**DATASET CONTENT**:
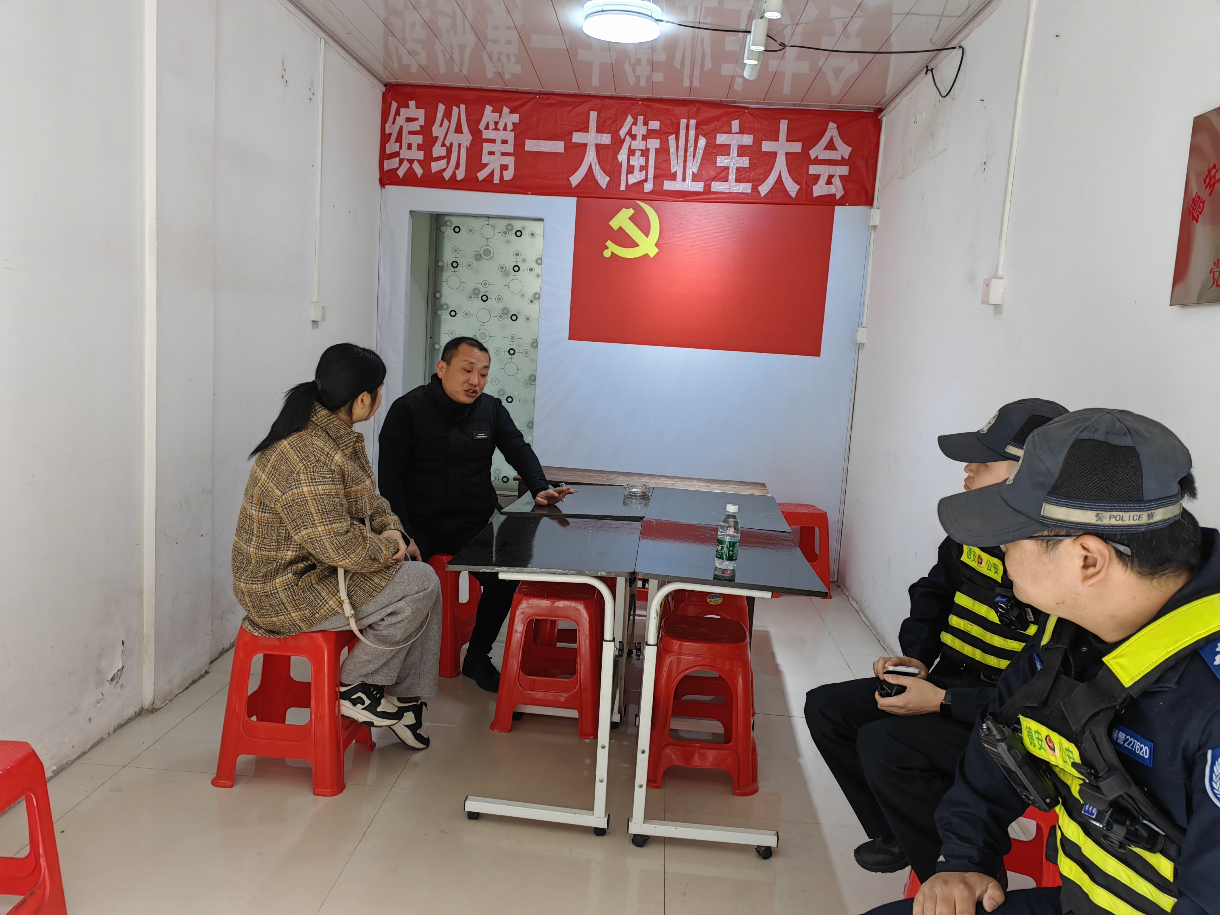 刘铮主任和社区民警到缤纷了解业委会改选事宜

==

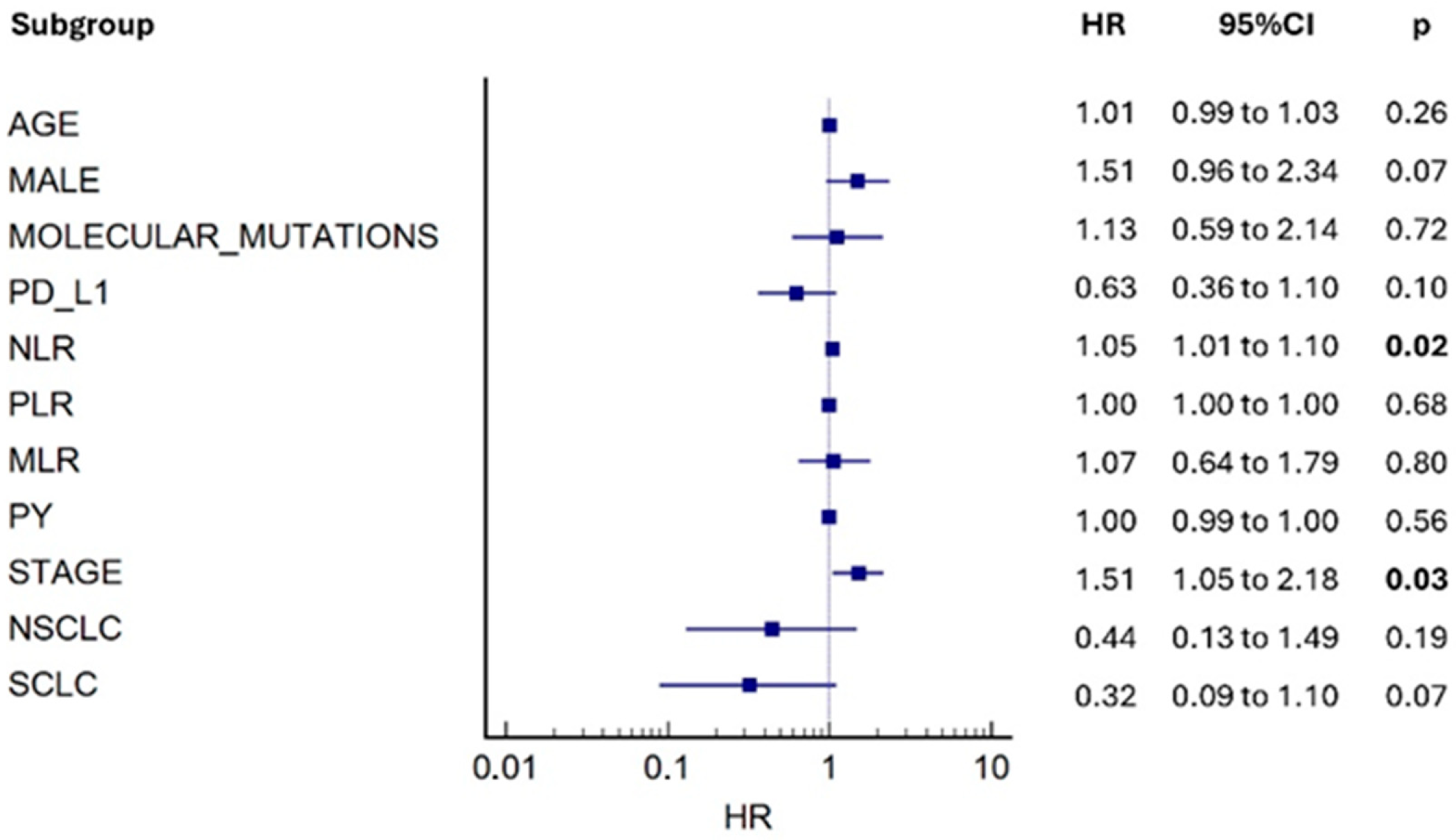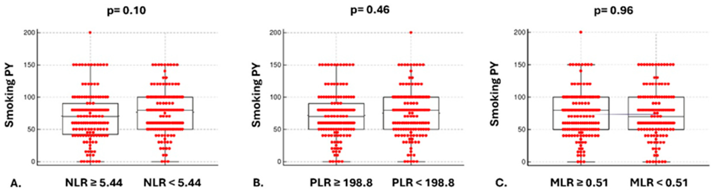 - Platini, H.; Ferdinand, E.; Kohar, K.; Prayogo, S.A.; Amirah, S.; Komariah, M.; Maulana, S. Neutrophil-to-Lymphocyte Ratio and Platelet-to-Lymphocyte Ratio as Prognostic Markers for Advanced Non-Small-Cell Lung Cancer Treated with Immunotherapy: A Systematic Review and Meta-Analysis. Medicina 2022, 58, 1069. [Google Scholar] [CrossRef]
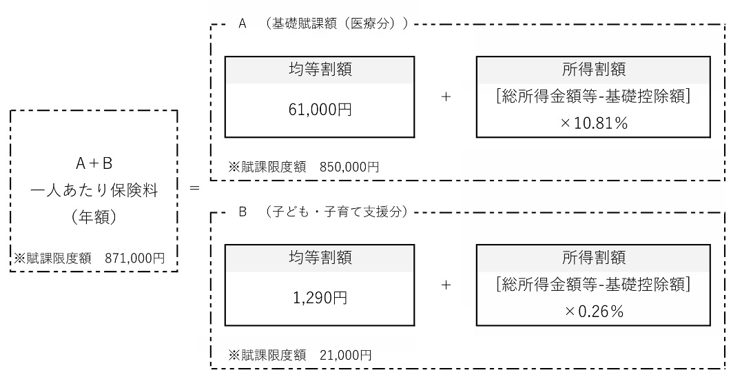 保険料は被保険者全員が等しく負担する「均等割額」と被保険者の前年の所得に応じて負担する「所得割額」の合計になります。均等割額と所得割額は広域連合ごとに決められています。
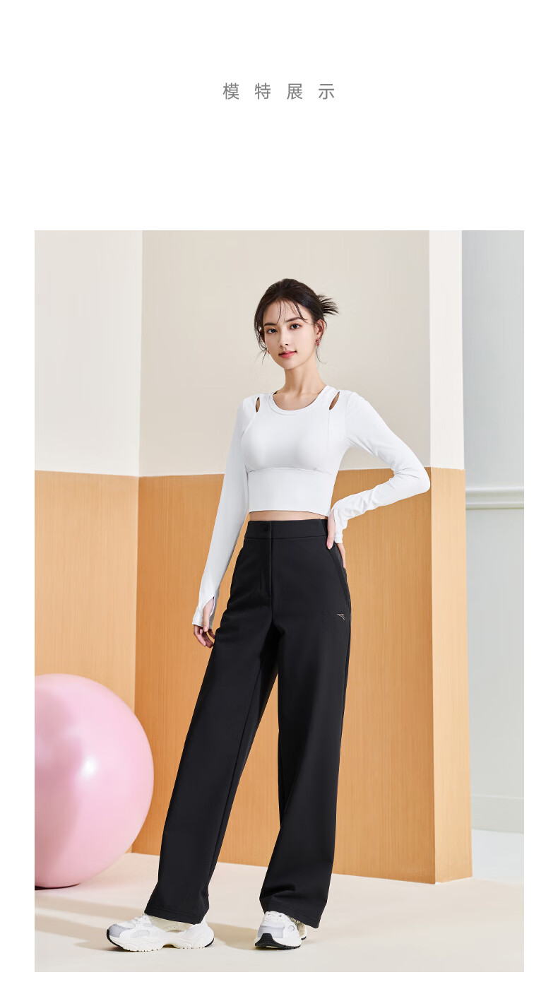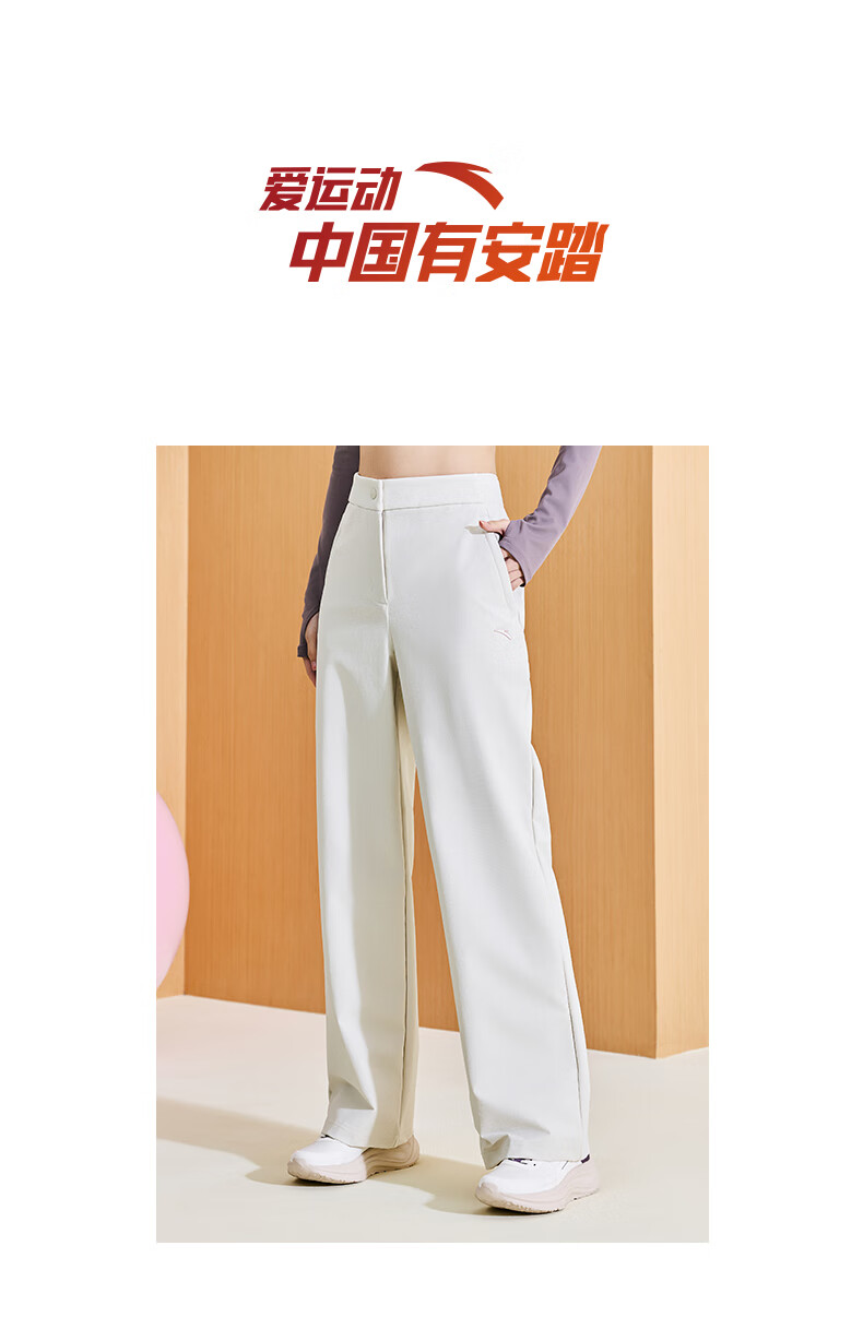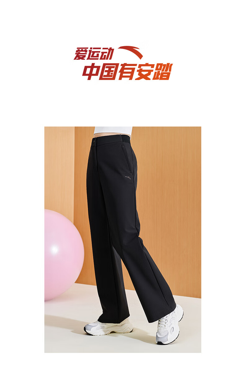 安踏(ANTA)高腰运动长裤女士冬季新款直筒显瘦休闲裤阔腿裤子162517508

**PROBLEM TO SOLVE**: All that is wanted is the lines above between the one containing "- Platini, H.;" and the one containing "安踏(ANTA)高腰运动长裤", inclusive, restated word for word, with pictures omitted.

**EXERCISE RESULT**:
 - Platini, H.; Ferdinand, E.; Kohar, K.; Prayogo, S.A.; Amirah, S.; Komariah, M.; Maulana, S. Neutrophil-to-Lymphocyte Ratio and Platelet-to-Lymphocyte Ratio as Prognostic Markers for Advanced Non-Small-Cell Lung Cancer Treated with Immunotherapy: A Systematic Review and Meta-Analysis. Medicina 2022, 58, 1069. [Google Scholar] [CrossRef]
 保険料は被保険者全員が等しく負担する「均等割額」と被保険者の前年の所得に応じて負担する「所得割額」の合計になります。均等割額と所得割額は広域連合ごとに決められています。
 安踏(ANTA)高腰运动长裤女士冬季新款直筒显瘦休闲裤阔腿裤子162517508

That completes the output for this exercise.